Desassossego [disquiet]: reflecting on being academics during the Covid-19 pandemic
8 min read
Guest authors: Urban Transitions Hub (UTH) (Institute of Social Sciences, University of Lisbon)
Editor's note: This post is an engaging contribution by the members of UTH, including the founder and former editor-in-chief of the YA blog.
With this collective post, the Urban Transitions Hub wants to contribute to the debate about what it means to be a social scientist today, and what it might mean in the medium term. Perhaps aptly, we began this reflection on April Fools day (April 1st) during our first online meeting amid Covid-19 lockdown measures. We came together somewhat unsure of how and what to share between us, realising that ‘business as usual’ was not an option, and soon finding that we were searching for a space where we could discuss our collective desasossego (Fernando Pessoa’s disquiet) and unease triggered by the way the pandemic was affecting our personal and professional lives; we also needed to make renewed sense of our work in the ‘now’, and into the uncertain future. This is an open, ongoing exercise in self-reflection, which may hopefully resonate with others out there. The post is (un)structured with the view of sharing our tentative steps from facing, coping and reacting to this situation, toward organising ourselves to better act, together.
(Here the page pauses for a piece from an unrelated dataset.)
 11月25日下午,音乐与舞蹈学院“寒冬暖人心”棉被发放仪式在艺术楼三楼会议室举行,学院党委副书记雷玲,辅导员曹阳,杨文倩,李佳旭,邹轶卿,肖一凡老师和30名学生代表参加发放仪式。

Literally, a picture of UTH members in the video call - 1st April. Credit: the authors.
FACING
We started this conversation roughly two weeks after the state of emergency had been declared in Portugal (on 18th March). We began by sharing what we felt about the ongoing situation, which, at the time, seemed like a perfect storm: one that generates unease, confusion, and struggle, while hitting on already fragile structures and systems. For many of us, this latest crisis represents an acceleration of existing patterns, trends and weathered crises – weathered, for having been defined as such for much too long. We witness problems and contradictions that have been building up over decades, to which the pandemic seems to offer a tragic new stage. And we feel that new patterns, or ‘rising monsters’ as some have been calling them, appear to creep over the horizon of a Covid-19 dawn: the techno-dystopias, the authoritarian backlashes, the glaring inequality of suffering…. the excluded choices, the unrevealed (unexplored?) assumptions about what is life, and what is being made ‘safe’.
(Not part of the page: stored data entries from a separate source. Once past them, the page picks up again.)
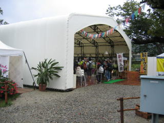 農業ハウスを大きく立派にしたような、巨大テントのような建物です。
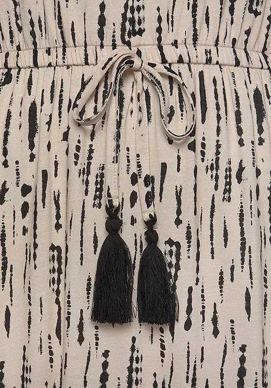 Playful dress with all-over print and a deep V-neckline. The wide straps are connected to an insert at the back and are tailored with elastic, detailed with cord and tassels. The skirt is slightly flared. V-neckline. Wide straps. Flared skirt.
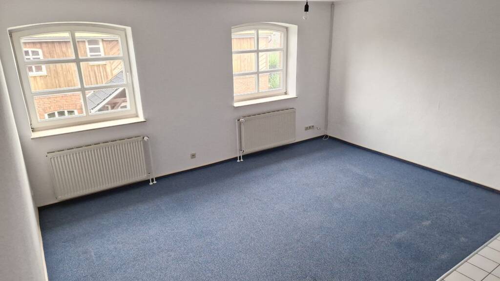 Die Aufteilung der hellen, freundlichen Wohnung im 1. Stock eignet sich vorzüglich, um sich ein attraktives Zuhause zu schaffen. Seine Gemütlichkeit und das ländliche Flair erlangt sie durch die Stichbogen-Sprossenfenster und die Kiefer-Landhaustüren. Individuelle Einrichtungswünsche können in der Wohnküche mit ihrer hellen Einbauküche verwirklicht werden. Der Herd (Backofen mit Heißluft und Ceranfeld mit Bräterzone) ist neu. Rechts neben die EBK kann ein 45cm-Geschirrspüler gestellt werden. Die zwei weiteren Zimmer lassen sich wahlweise als Schlaf-, Kinder- oder Bürozimmer nutzen. Zu einem Entspannungsbad lädt das Vollbad ein. Neben einem separat gelegenen, extra großen Abstellraum (für z.B. Fahrräder) befindet sich in der Wohnung zusätzlich noch eine kleine Vorrats- und Abstellkammer. Die kompletten 56 m2 sind mit Teppichboden versehen (außer das Bad ist gefliest).

This ‘state of affairs’ can generate a sort of cognitive (and existential?) dissonance, which is likely to be a new norm for most of us as we feel social proximity and social distance; digital connection and physical separation; affirmation and denial of previous values; future and past trends and processes; micro- and macro-politics; wish for safety (overly understood as top-down control) and for individual freedom (which resembles bottom-up agency). Perhaps even more poignant, a sense of confusion mixed with struggle as much of our work appeared to be too distant from the here-and-now of the crisis, suggesting that a certain dissonance may be spreading across our to-do lists.
As we shared and compared our individual ways of dealing with the situation, we found out that they inevitably differed depending on our context and life situation. For example, it matters whether your relatives and friends are healthy, you are alone or with someone, and whether you have children demanding most of your time and attention. It also matters whether you are in a secure job situation, or not: as it happens, none of us has a permanent contract, but we can position ourselves along a ‘spectrum of precariousness’. These, and many other feelings, colour our interpretation and sense-making of current affairs as well as of our academic work.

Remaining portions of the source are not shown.